Abstract Dense core collisions, previously regarded as minor in star formation, are proposed to play a significant role in structure formation around protostellar envelopes and binary formation. Using archival data of nearby star-forming regions, we determine the frequencies of core collisions. Our calculations reveal that a typical core is likely to undergo multiple interactions with other cores throughout its lifetime. To further investigate the core collision process, we employ adaptive mesh refinement hydrodynamic simulations with sink particles. Our simulations demonstrate that following the formation of a protostar within a gravitationally unstable core, the merging core’s accreting gas gives rise to a rotationally supported circumstellar disk.

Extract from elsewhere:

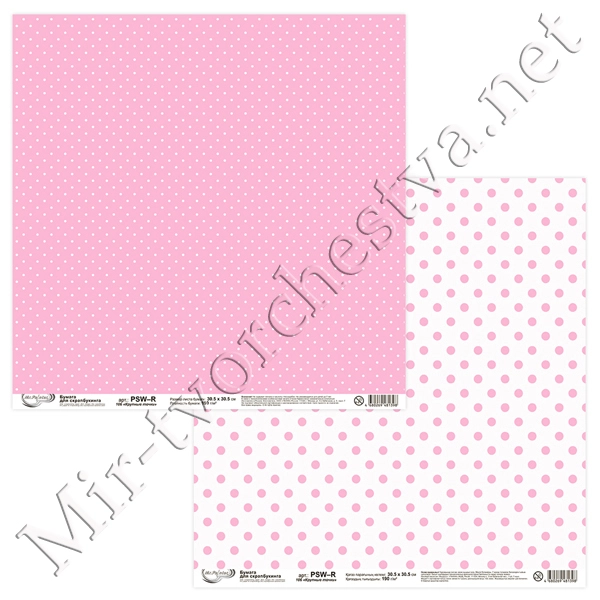 Бумага для скрапбукинга "Горошек, Клетка" 406, 190 г/кв.м 30.5x30.5 см, Mr. Painter

Meanwhile, the region compressed by the shock between the cores develops into asymmetric arms that connect with the disk. Gas along these arms tends to migrate inward, ultimately falling toward the protostar. One of the arms, a remnant of the shock-compressed region, dominates over the second core gas, potentially exhibiting a distinct chemical composition. This is consistent with recent findings of large-scale streamers around protostars. Additionally, we found that collisions with velocities of ∼1.5 km s−1 result in the formation of a binary system, as evidenced by the emergence of a sink particle within the dense section of the shocked layer. Overall, dense core collisions are highlighted as a critical process in creating 103 au-scale streamers around protostellar systems and binary stars.